At every turn (or, as this is Brookner, at every sigh, every shifting of weight), the two line up against each other and then choose different directions. When they meet as children they are called by the same first name. To simplify matters, the other becomes
“Betsy,” an act and a name that fit her whimsical, self-inventive good nature, while Elizabeth remains “Elizabeth.” These young women are not cut out for giggly sleepovers and form a stilted, distinctly ungirlish alliance. But their formal discomfort comes from near-opposite circumstances. When they finish school, each spends time in Paris; Elizabeth passes long days on solitary walks, long nights in her rented room, while Betsy remakes herself as an intellectual, a revolutionary, a lover. Back in London, they become involved with the same married man; but while Elizabeth cannot sustain the affair, Betsy pours her last strength into being a woman he loves.

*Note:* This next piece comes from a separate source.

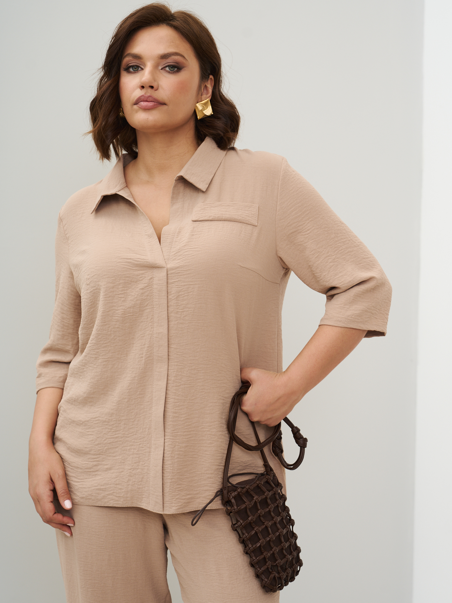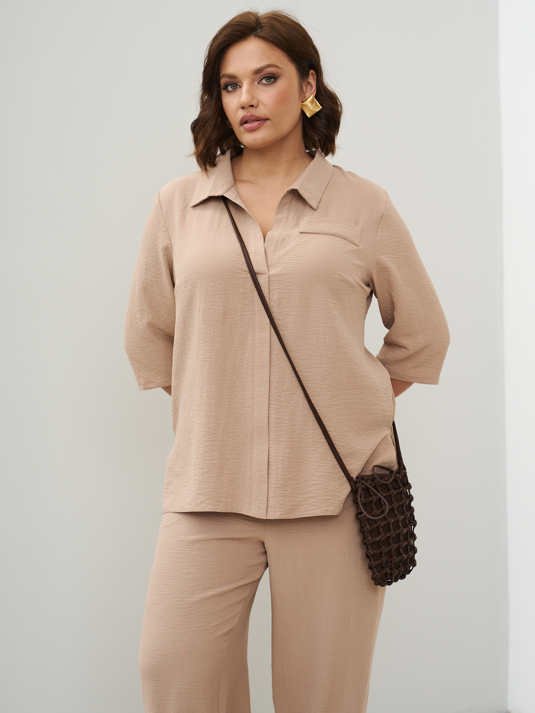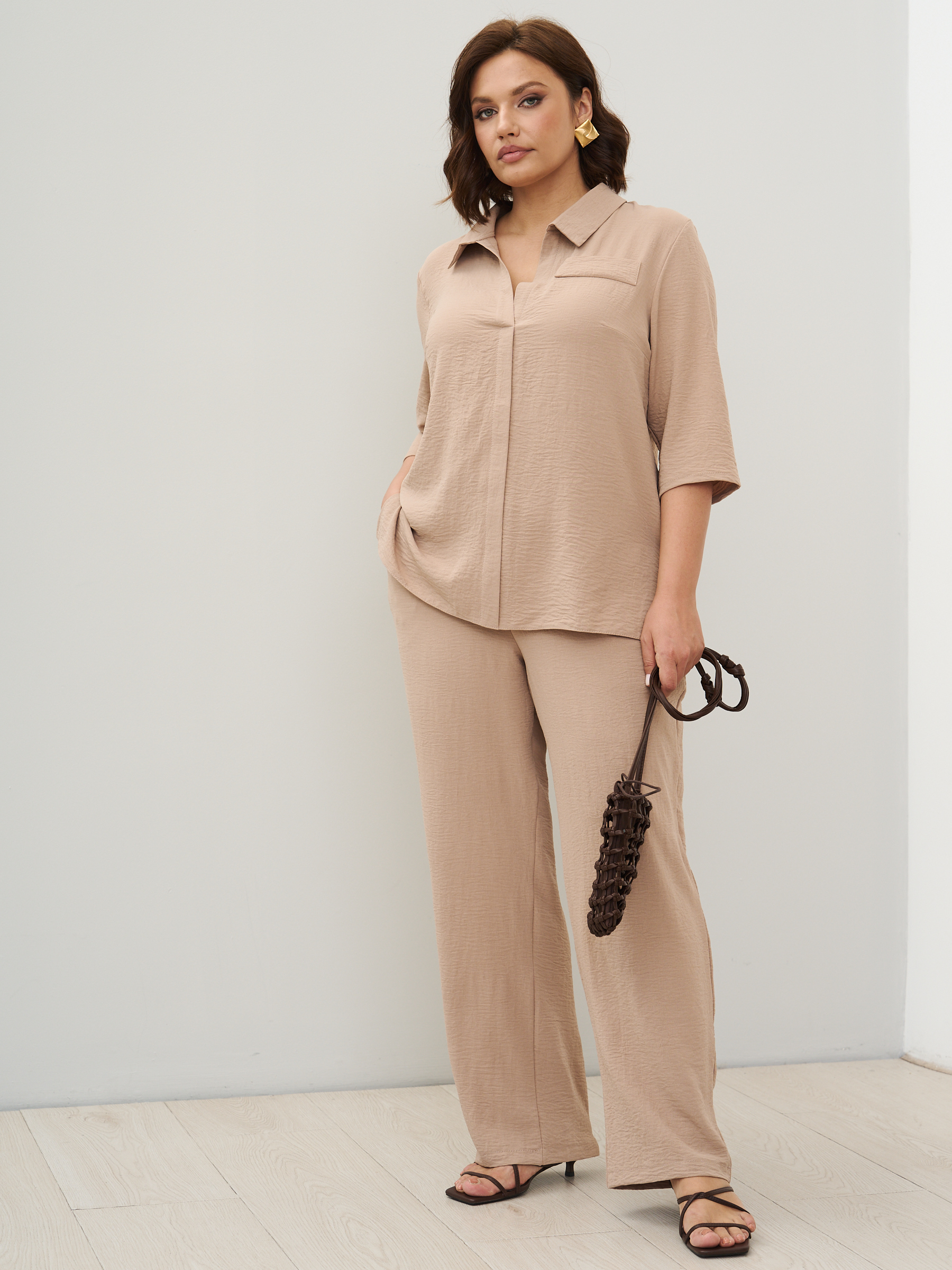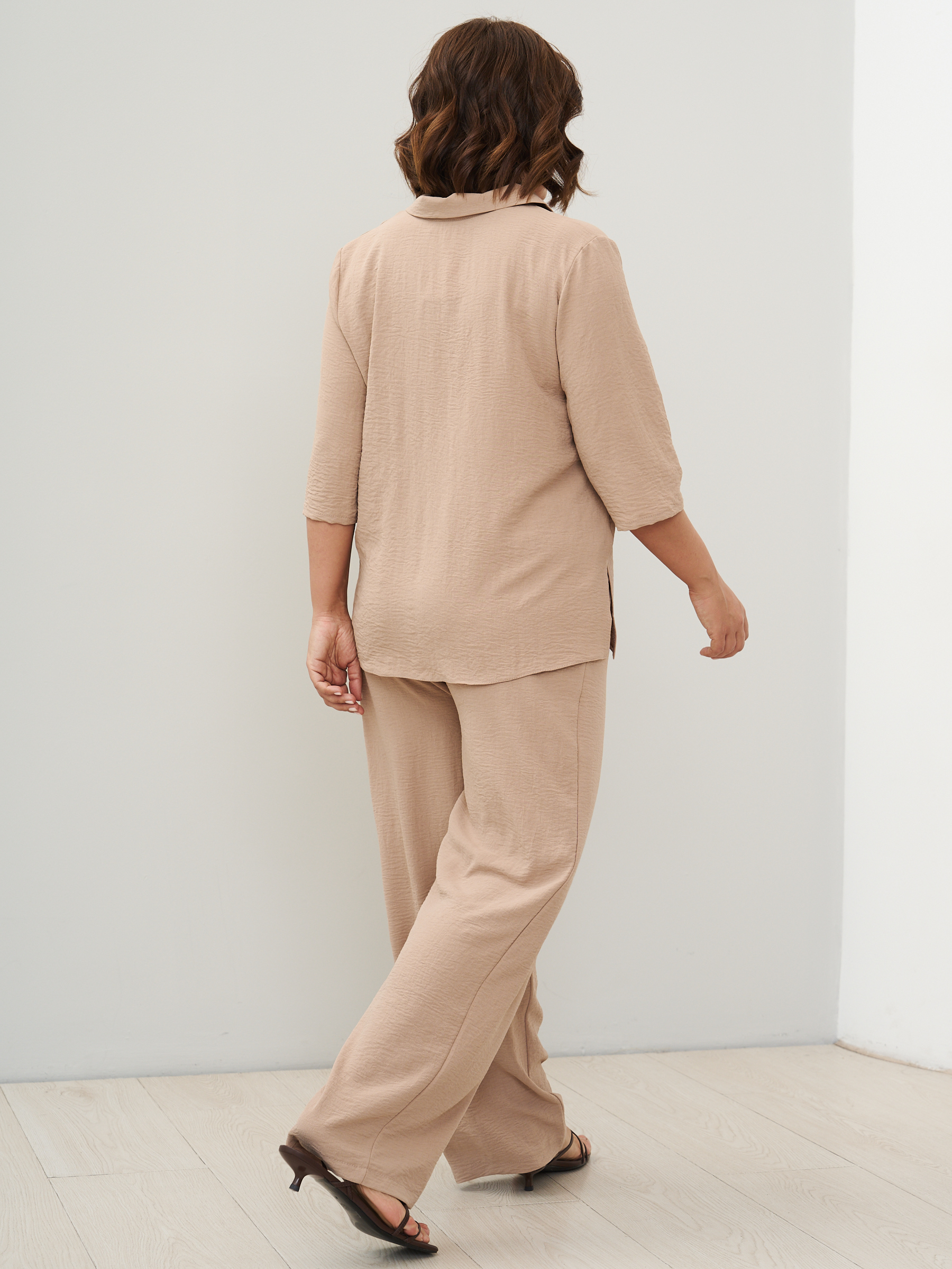 Женский костюм брючный с рубашкой летний. Прямые брюки и рубашка. Ткань - текстиль с эффектом жатки и эластичными свойствами; состав: 30% вискоза и 70% полиэстер. Брюки классические, слегка заужены к низу, карманы с отрезным бочком, пояс на широкой резинке. Рубашка с воротником стойка без застежки, без карманов. Костюм легко стирать и сушить, подходит для повседневного использования. Рекомендуется стирка в деликатном режиме. Возможна небольшая усадка ткани, постирайте перед тем, как регулировать длину брюк. Произведено в России с высоким качеством и вниманием к деталям. Летний костюм из текстиля станет идеальным выбором для тех, кто ценит комфорт и стиль.

The contrast between Betsy’s open, idealistic sweetness and Elizabeth’s resolute clarity is where we find the moral focus for which Brookner is known. Betsy is constantly termed “good” and yet lies to herself, while Elizabeth is coldly, passively, helplessly perceptive, and it is because of this that Elizabeth emerges as the moral one of the pair. “That was the difference between Betsy and myself: I preferred to know the truth, however bleak, and what strength of character I had impelled me to look these facts in the face.” Corruption appears not as wickedness but as falseness in the plainest sense; Elizabeth is honorable in that she cannot, whatever her intentions, be other than she is.
No more can Brookner be other than she herself is; and no more, alas, can her twenty-third or twenty-fourth or thirty-second novel depart from the low-colored, bleak-skied world that is not her invention, but her discovery.